Hotelschool The Hague
- Motto: Discover your potential at the heart of hospitality
- Type: University of Applied Sciences
- Established: 1929
- Chairman: Mr. Wolfgang M. Neumann
- President: Mrs. Regine von Stieglitz
- Academic staff: 250
- Students: 2.800
- Undergraduates: Bachelor of Arts in Hospitality Management
- Postgraduates: MBA in International Hospitality Management, Master Programme Leading in Hotel Transformation
- Location: Amsterdam & The Hague, The Netherlands 52°6′28.31″N 4°17′33.65″E﻿ / ﻿52.1078639°N 4.2926806°E
- Campus: Urban area
- Language: English
- Colours: black and white
- Affiliations: Hotel Schools of Distinction
- Website: www.hotelschool.nl

= Hotelschool The Hague =

Business School in The Hague

Hotelschool The Hague is a single sector university of applied sciences in the Netherlands. It was founded and funded in 1929 by the hospitality industry. In 2010, Hotelschool The Hague founded its university wide Research Centre, focusing on interdisciplinary research with a strong practice-oriented focus.

==History==
Hotelschool The Hague was founded in 1929 and is one of the oldest independent hotel schools in the world. The school has two campuses, one in The Hague and one in Amsterdam.
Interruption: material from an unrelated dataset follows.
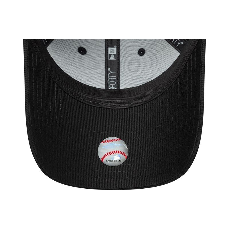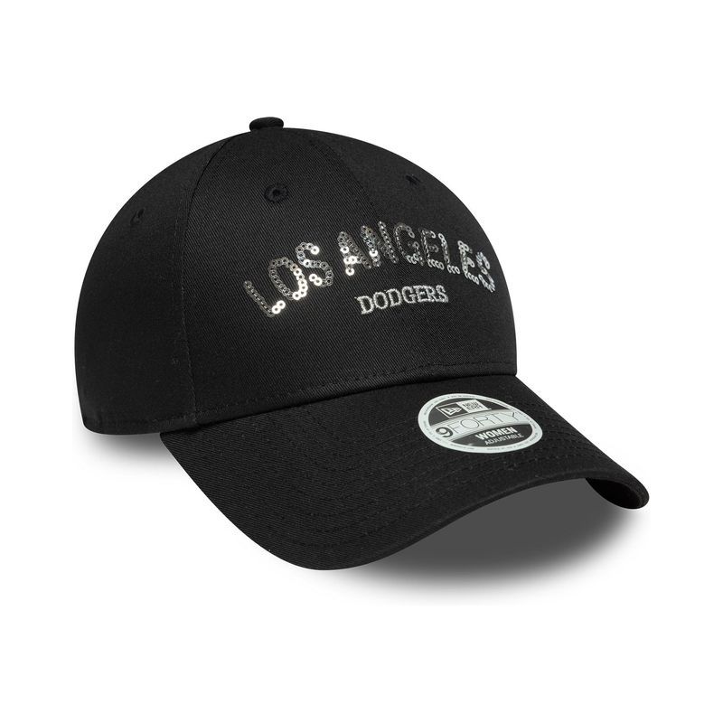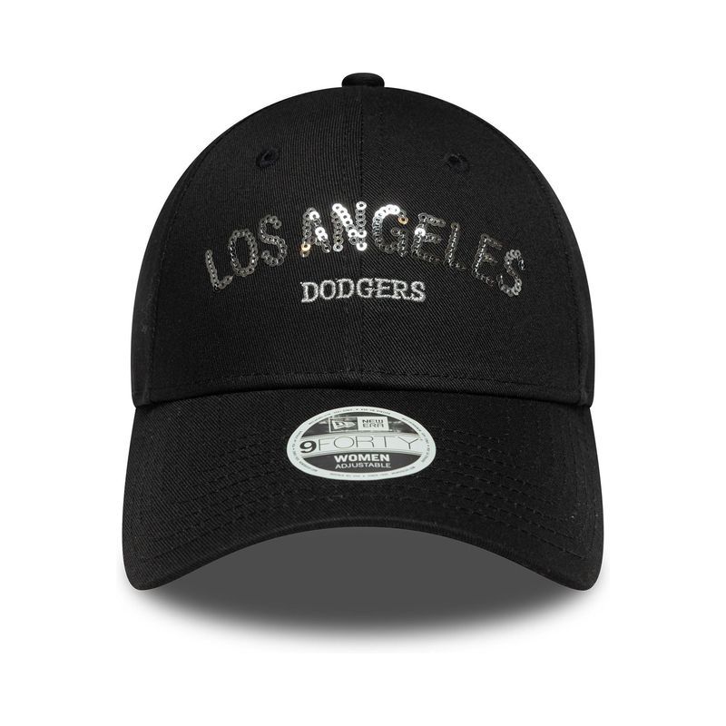 Womens MLB Sequin Wordmark LA Dodgers Black 9FORTY Adjustable Cap LA Dodgers wordmark in sequins on front LA Dodgers woven tab on rear New Era Flag embroidered on left Structured crown Strapback Curved visor 100% COTTON

Together these host more than 2850 students and 250 employees.
Hotelschool The Hague has several programmes on offer, including a four-year Bachelor of Arts in hospitality management, a fast-track bachelor programme and a 13-month master of business administration in international hospitality management. Also, we recently launched a new master's degree in Leading Hotel Transformation.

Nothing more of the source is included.